----- TASK DATA -----
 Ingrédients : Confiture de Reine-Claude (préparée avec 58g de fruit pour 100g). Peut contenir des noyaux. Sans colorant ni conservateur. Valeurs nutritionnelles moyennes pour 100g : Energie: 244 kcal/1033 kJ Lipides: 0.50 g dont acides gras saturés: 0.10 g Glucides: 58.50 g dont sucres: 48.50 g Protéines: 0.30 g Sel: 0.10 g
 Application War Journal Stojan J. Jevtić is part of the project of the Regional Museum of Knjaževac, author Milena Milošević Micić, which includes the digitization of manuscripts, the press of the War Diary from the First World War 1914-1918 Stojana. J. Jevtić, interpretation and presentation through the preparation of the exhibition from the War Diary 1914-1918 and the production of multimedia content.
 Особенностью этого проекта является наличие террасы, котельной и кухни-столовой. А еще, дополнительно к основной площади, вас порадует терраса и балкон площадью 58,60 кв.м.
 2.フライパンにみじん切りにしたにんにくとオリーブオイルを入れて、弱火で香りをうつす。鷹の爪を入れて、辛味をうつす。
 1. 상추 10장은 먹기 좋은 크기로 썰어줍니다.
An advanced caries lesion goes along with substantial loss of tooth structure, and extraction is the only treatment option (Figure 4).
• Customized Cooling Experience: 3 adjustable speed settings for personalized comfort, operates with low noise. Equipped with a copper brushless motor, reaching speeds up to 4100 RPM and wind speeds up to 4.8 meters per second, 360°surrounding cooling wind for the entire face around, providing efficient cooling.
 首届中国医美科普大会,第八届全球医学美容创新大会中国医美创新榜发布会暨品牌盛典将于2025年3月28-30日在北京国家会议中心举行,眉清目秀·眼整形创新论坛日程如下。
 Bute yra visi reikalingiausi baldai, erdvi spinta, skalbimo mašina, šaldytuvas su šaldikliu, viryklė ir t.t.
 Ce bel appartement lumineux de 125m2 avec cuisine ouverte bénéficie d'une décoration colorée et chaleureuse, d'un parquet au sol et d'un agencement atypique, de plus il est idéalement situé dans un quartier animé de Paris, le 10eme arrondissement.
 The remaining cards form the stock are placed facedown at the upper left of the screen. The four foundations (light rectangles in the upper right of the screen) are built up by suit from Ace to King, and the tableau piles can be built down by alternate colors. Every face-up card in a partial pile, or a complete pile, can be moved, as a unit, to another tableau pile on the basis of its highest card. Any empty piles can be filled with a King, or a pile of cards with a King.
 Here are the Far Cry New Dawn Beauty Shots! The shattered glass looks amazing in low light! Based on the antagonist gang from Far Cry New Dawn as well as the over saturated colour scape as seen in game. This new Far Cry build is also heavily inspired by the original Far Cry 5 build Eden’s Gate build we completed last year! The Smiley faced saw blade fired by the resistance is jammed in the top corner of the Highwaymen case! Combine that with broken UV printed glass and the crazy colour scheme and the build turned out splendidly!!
-----
WHAT YOU WILL DO. Each line from the one with "The remaining cards" through the end of the entries above is to be returned word for word. Nothing else belongs in the answer.

ANSWER TO THIS PROBLEM.
 The remaining cards form the stock are placed facedown at the upper left of the screen. The four foundations (light rectangles in the upper right of the screen) are built up by suit from Ace to King, and the tableau piles can be built down by alternate colors. Every face-up card in a partial pile, or a complete pile, can be moved, as a unit, to another tableau pile on the basis of its highest card. Any empty piles can be filled with a King, or a pile of cards with a King.
 Here are the Far Cry New Dawn Beauty Shots! The shattered glass looks amazing in low light! Based on the antagonist gang from Far Cry New Dawn as well as the over saturated colour scape as seen in game. This new Far Cry build is also heavily inspired by the original Far Cry 5 build Eden’s Gate build we completed last year! The Smiley faced saw blade fired by the resistance is jammed in the top corner of the Highwaymen case! Combine that with broken UV printed glass and the crazy colour scheme and the build turned out splendidly!!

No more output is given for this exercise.